Logré regresar sobre el terreno donde quería aterrizar, estático contra una ráfaga de viento este, y un poco después, tuve contacto con el suelo. Maté el ala: me di dos vueltas en un freno y halé las bandas A con la otra mano, ¡todo un esfuerzo” Tumbé todo y caí de espalda. El ala tocó el suelo. Me puse de pie, me temblaban las rodillas.
Exhausto después de los 20 minutos intensos de SIV llamé a Pablo. Me respondió y también estaba de pie. Aliviado, colapsé en la hierba y volví a respirar mientras veía el cielo. Las nubes se habían disipado por completo y la única evidencia de condensación que quedaba era una lenticular de un kilómetro en el horizonte.
Las calles de Antigua
Pablo y yo regresamos a Antigua en un autobús lleno de gallinas. Mi pelo rubio despeinado parecía una erupción volcánica y era un atractivo extraterrestre para los niños. Con la risa incrédula de un hombre condenado, Pablo leyó los datos
de su GPS: “Despegue: 06:25. Velocidad vertical máxima 11,4m/s. Viento máximo 72km/h”. “Un buen vuelo por la mañana”, añadió para resumir de forma irónica.
Reflexioné acerca del hecho que había soportado el vuelo en parapente más difícil de mi carrera de 28 años. Un ala confiable y un poco de suerte ayudaron a que todo saliera bien. Hoy en día, catalogaría los riesgos de nuestra aventura de la siguiente forma: extranjero se enfrenta a clima local complejo; vientos diferentes a diversas alturas; falta de experiencia en lugar desconocido; presión de tiempo.

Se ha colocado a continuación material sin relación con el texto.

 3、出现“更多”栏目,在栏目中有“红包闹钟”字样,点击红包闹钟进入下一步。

Unos días después, nos enteramos que una alta presión en una situación con viento sinóptico de norte tiene un papel especial en Guatemala. El patrón del clima puede comprimirse en zonas bajas porque se forma una especie de inversión. Más abajo, el flujo se concentra y es más exagerado de lo que indicaría el diagrama. Arriba, a la altura de los volcanes guatemaltecos, reina la calma y la paz celestial.

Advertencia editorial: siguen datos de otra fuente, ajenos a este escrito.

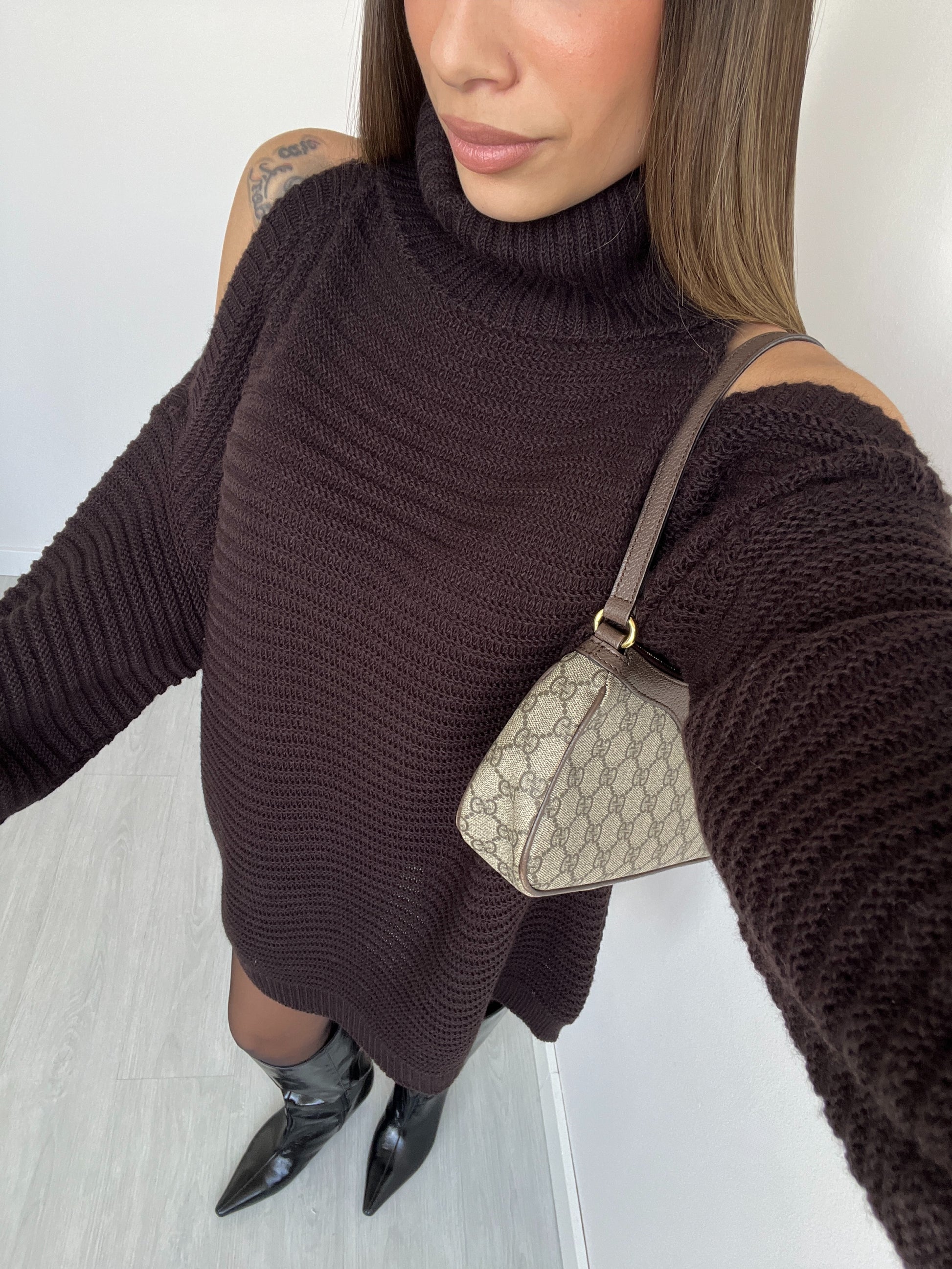 Maxi pull cut out sulle spalle testa di moro

En Antigua, había pasado el viento de norte. Había una fiesta en esta ciudad a los pies de los gigantes volcánicos guatemaltecos. El nuevo alcalde celebraba su toma de posesión. La plaza principal estaba rodeada de cientos de guardias de seguridad armados. La pirotecnia militar se disparaba sin cesar. Las bandas de marimbas se aseguraban de que todos saltaran alegres. Los reflectores coloridos le daban un toque festivo a los edificios gubernamentales. El alcalde no escatimó en entusiasmo. “¡Todo bien, todo hermoso, todos seguros!”, su mensaje reconfortaba a los locales.
En las calles de Antigua, había gran de demanda de galletas de marihuana. En el Café No Sé, la camarera Katrin miraba provocativamente a sus víctimas mientras les servía tragos. Vigilamos dichosos el bar hasta que cerró.
Luego, siguió la acción extraoficial de Antigua. Nos rendimos ante el destino y nos llevaron a un bar lleno de grafitis. ¡El lugar tenía estilo! Las botellas de cerveza y el ritmo latino animaban la fiesta. Después del monumental vuelo por cielo y tierra, estas catacumbas con paredes vacías eran nuestra última parada. Pero seguía habiendo una magia monstruosa en el aire. Una magia que vive, brilla, lanza humo y retumba sin parar, a lo alto, pero no tan lejos.